What if one of your wanted keys aren’t in the old_dict? The delnan solution will throw a KeyError exception that you can catch. If that’s not what you need maybe you want to:

  1. only include keys that excists both in the old_dict and your set of wanted_keys.

    old_dict = {'name':"Foobar", 'baz':42}
    wanted_keys = ['name', 'age']
    new_dict = {k: old_dict[k] for k in set(wanted_keys) & set(old_dict.keys())}
    
    >>> new_dict
    {'name': 'Foobar'}
    
    
  2. have a default value for keys that’s not set in old_dict.

    default = None
    new_dict = {k: old_dict[k] if k in old_dict else default for k in wanted_keys}
    
    >>> new_dict
    {'age': None, 'name': 'Foobar'}
    
    

The Answer 9

7 people think this answer is useful

This function will do the trick:

def include_keys(dictionary, keys):
    """Filters a dict by only including certain keys."""
    key_set = set(keys) & set(dictionary.keys())
    return {key: dictionary[key] for key in key_set}

Just like delnan’s version, this one uses dictionary comprehension and has stable performance for large dictionaries (dependent only on the number of keys you permit, and not the total number of keys in the dictionary).

And just like MyGGan’s version, this one allows your list of keys to include keys that may not exist in the dictionary.
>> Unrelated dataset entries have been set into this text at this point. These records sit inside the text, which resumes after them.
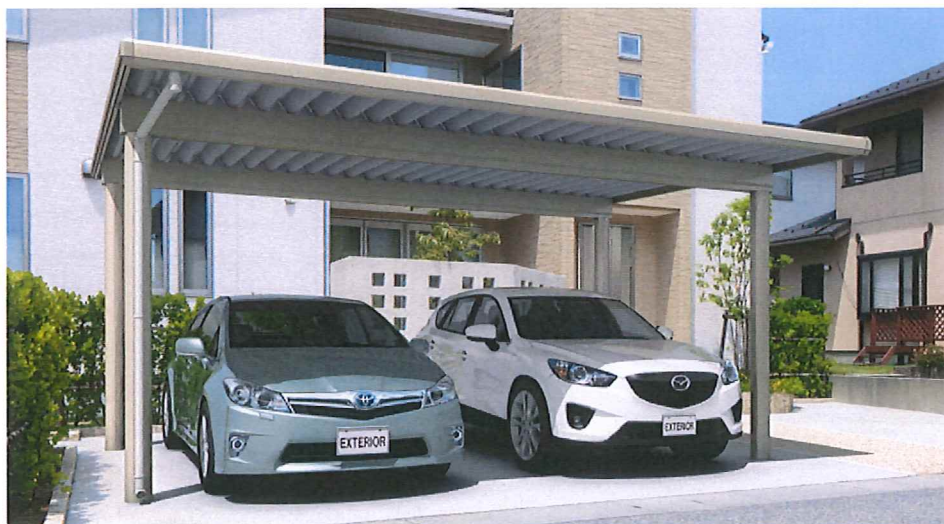
アーバングレー/4本柱/丸柱/基本タイプ/5555/H25/スチール折板:シルバー
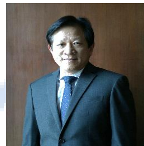
นายจิรวุฒิ ไพศาลศรีศิลป์ อุปนายก
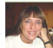
Compilado por Henriette Várszegi

And as a bonus, here’s the inverse, where you can create a dictionary by excluding certain keys in the original:

def exclude_keys(dictionary, keys):
    """Filters a dict by excluding certain keys."""
    key_set = set(dictionary.keys()) - set(keys)
    return {key: dictionary[key] for key in key_set}

Note that unlike delnan’s version, the operation is not done in place, so the performance is related to the number of keys in the dictionary. However, the advantage of this is that the function will not modify the dictionary provided.

Edit: Added a separate function for excluding certain keys from a dict.

The Answer 10

6 people think this answer is useful

Another option:

content = dict(k1='foo', k2='nope', k3='bar')
selection = ['k1', 'k3']
filtered = filter(lambda i: i[0] in selection, content.items())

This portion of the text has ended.